The following article is from Kim Portrate, the CEO of industry body ThinkTV.

Facebook and ThinkTV agree on one thing: reach will always be a key success metric for advertisers. If you want to make your brand grow, you need to reach lots of different people with your advertising.

But that’s about where the common ground ends when reviewing the social network’s recent Fast Forward series.

In the series, Facebook attempts to make the case for being the best reach option for advertisers using numbers that are, well, rubbery. Which I suppose you’d expect from Australia’s most distrusted brand.

The argument cites data showing Facebook with a local audience of 16.35 million versus Total Commercial TV with 16 million.

This baffled us at ThinkTV since we, and all of you, can see the latest figures from OzTAM’s VOZ, the official (robust, transparent and audited) industry currency. And those figures put Total TV’s weekly reach at 19.3 million.

Cheekily, in an earlier article from the same series, Facebook claimed some 5.085 million Australians over 14 no longer watch commercial TV. Seems we found what Facebook lost with OzTAM revealing more than 3.3 million of those people are watching tellie – in their own way, on the device they choose and at a time that’s convenient for them.

There’s one other thing we agree on: people are migrating online. But to suggest that means a move away from TV is nonsense. The dramatic increase in Broadcaster Video on Demand (BVOD) viewership shows people continue to seek out their favourite TV programs to watch anywhere, anytime.

The final piece of Facebook’s Fast Forward series takes a jab at TV suggesting people prefer content that’s personalised rather than programmed for them. But VOZ shows us people like it both ways. In today’s content rich world, sometimes you just want to put on the telly and relax instead of grappling with the tyranny of choice. Even Netflix knows this with the streamer beginning a trial of a linear channel in France last year.

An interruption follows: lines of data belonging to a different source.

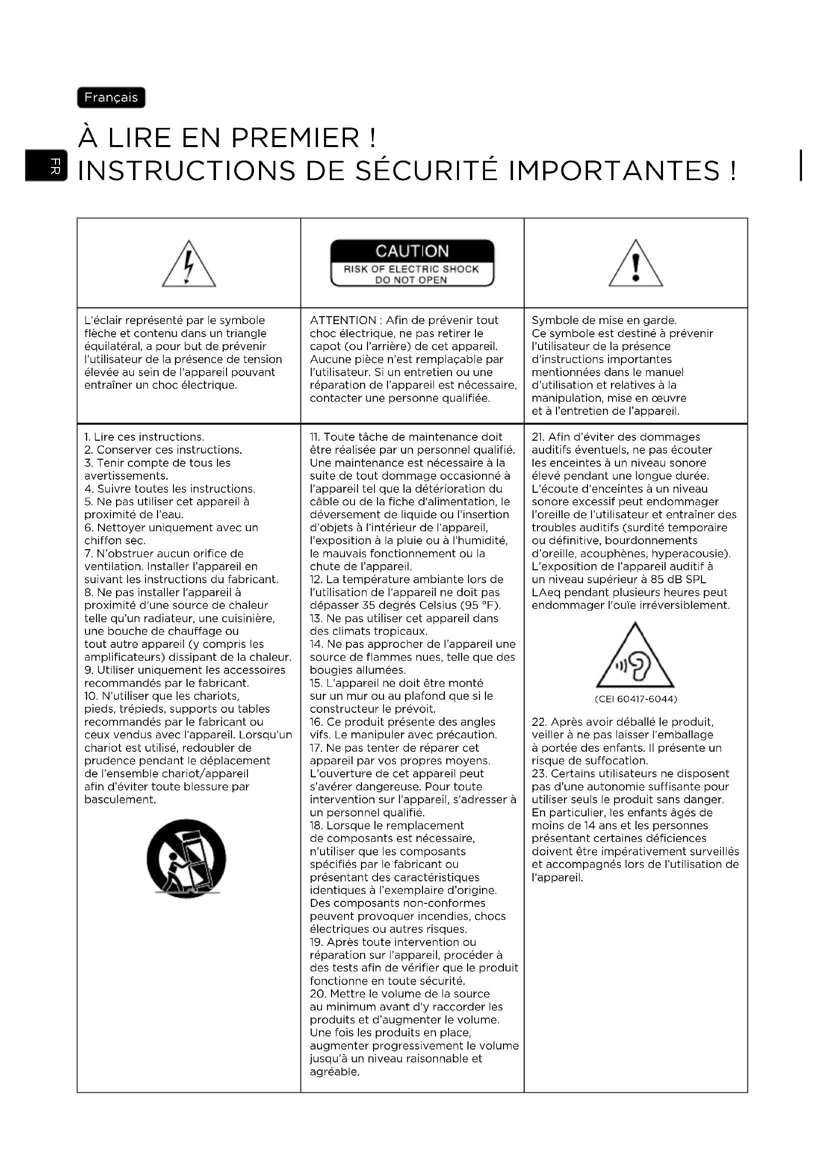 5/8 "x7 1/2 "x137/8" (93.1x19.1x35.2cm)39"x8 3/8 "x151/4" (98.9x21.2x38.8cm)Net weight (with grille)15.43lbs (7kg) 37.48lbs (17kg) 44.09lbs (20kg)Box dimensions(HxWxD) 3/4"x231/4"x15 3/8 " (50x59x39cm) 7/8 x41 3/8 "x12 5/8 "(48x105x32cm) 7/8"x43 1/4 x 13 3/8 " (48x110x34cm)Net weight (with packaging)17kg (37.5lbs, 2 pieces) 46.30lbs (21kg) 54.01lbs (24.5kg)FR À LIRE EN PREMIER ! INSTRUCTIONS DE SÉCURITÉ IMPORTANTES ! Français L’éclair représenté par le symbole flèche et contenu dans un triangle équilatéral, a pour but de prévenir l’utilisateur de la présence de tension élevée au sein de l’appareil pouvant entraîner un choc électrique. ATTENTION : Afin de prévenir tout choc électrique, ne pas retirer le capot (ou l’arrière) de cet appareil. Aucune pièce n’est remplaçable par l’utilisateur. Si un entretien ou une réparation de l’appareil est nécessaire, contacter une personne qualifiée. Symbole de mise en garde. Ce symbole est destiné à prévenir l’utilisateur de la présence d’instructions importantes mentionnées dans le manuel d’utilisation et relatives à la manipulation, mise en œuvre et à l’entretien de l’appareil.
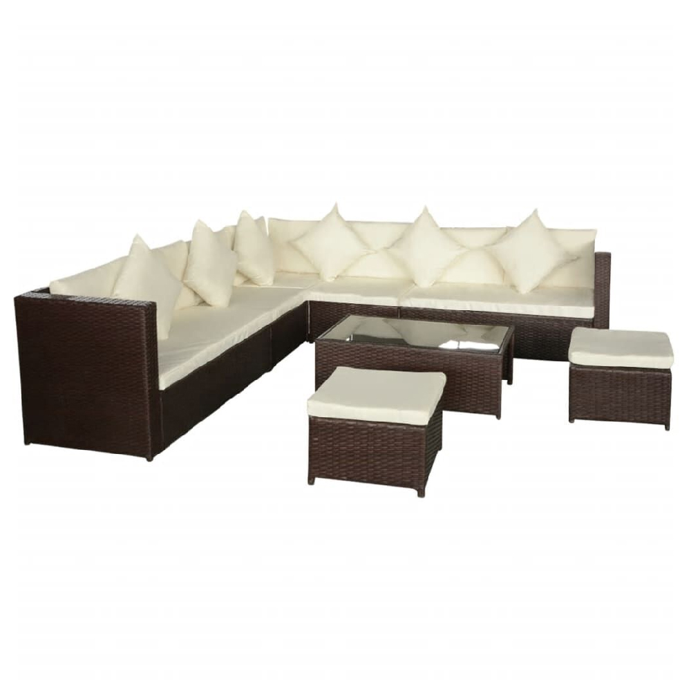 Create a stylish and relaxing outdoor retreat with the Furniture in Fashion Choctaw Rattan Garden Lounger Set with Cushions in Cream Brown. This elegant rattan lounger set features a sophisticated Brown rattan frame paired with plush cream cushions, delivering both modern aesthetics and supreme comfort. Whether you’re sunbathing, reading, or enjoying a peaceful moment outdoors, this luxurious lounger set enhances any patio, garden, or poolside area with its contemporary charm. Designed for durability and all-weather use, the Choctaw garden lounger set is crafted from high-quality, weather-resistant rattan, ensuring long-lasting beauty and performance. The ergonomic lounger design provides excellent back support, while the thick cushions offer enhanced comfort. With its sleek and low-maintenance construction, this versatile outdoor furniture set is the perfect combination of style, relaxation, and practicality. Enhance your outdoor experience with the Furniture in Fashion Choctaw Rattan Garden Lounger Set with Cushions in Cream Brown, a perfect blend of sophistication, comfort, and durability for any modern outdoor space. FEATURES : Material : Rattan, Polyester Finish : Brown, Cream White 2 x 2-seater sofa, 2 x Armless sofa, 1 x Corner sofa, 1 x Coffee table, 2 x Footrest, 8 x Back cushion, 7 x Seat cushion, 6 x Pillow This stylish yet highly comfortable rattan sofa set will be an eye-catcher in your garden or on the patio Thanks to the weather-resistant PE rattan, the sofa set is easy to clean and is hard-wearing and suitable for daily use The sofa features a sturdy, powder-coated steel frame, which is highly durable The removable seat and back cushions are very comfortable The polyester covers are soft and easy to clean The rattan sofa set can be easily moved to suit any setting Note : We recommend covering the set in rain, snow and frost This set has strong steel frames with a durable powder coating for stability during daily outdoor use Th
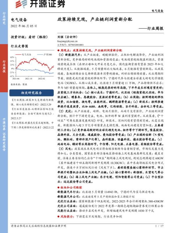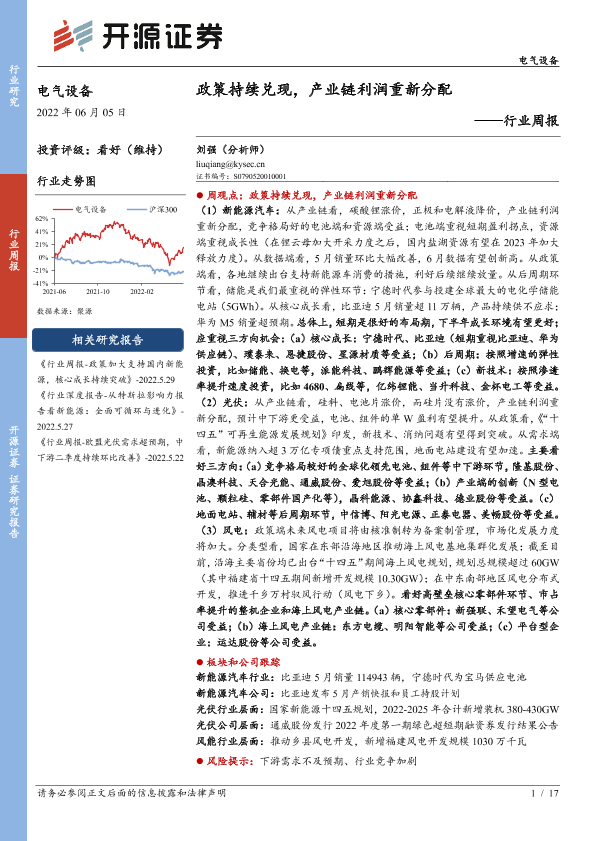 【开源证券】【20220605】电气设备行业周报:政策持续兑现,产业链利润重新分配-17页
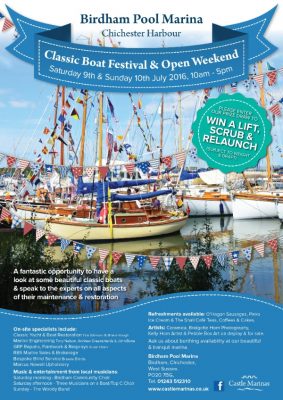 Birdham Pool Marina Classic Boat Festival/Open Weekend Chichester Harbour on Saturday 9th and Sunday 10th July 2016. For further information call 01243 512310

It seems Facebook is holding onto a view of TV that is more than a decade old and missing the true picture of today’s Total TV, a view you can easily explore over at the VOZ website.

Sticking to the facts

Because we like facts, we shared all of this viewing data and more with the market in the ThinkTV Fact Pack, as we do every six months. For those that haven’t downloaded it yet, it shows Total TV makes up for 87.9 per cent of all in-home video viewing. Facebook, on the other hand, comprises just 1.3%.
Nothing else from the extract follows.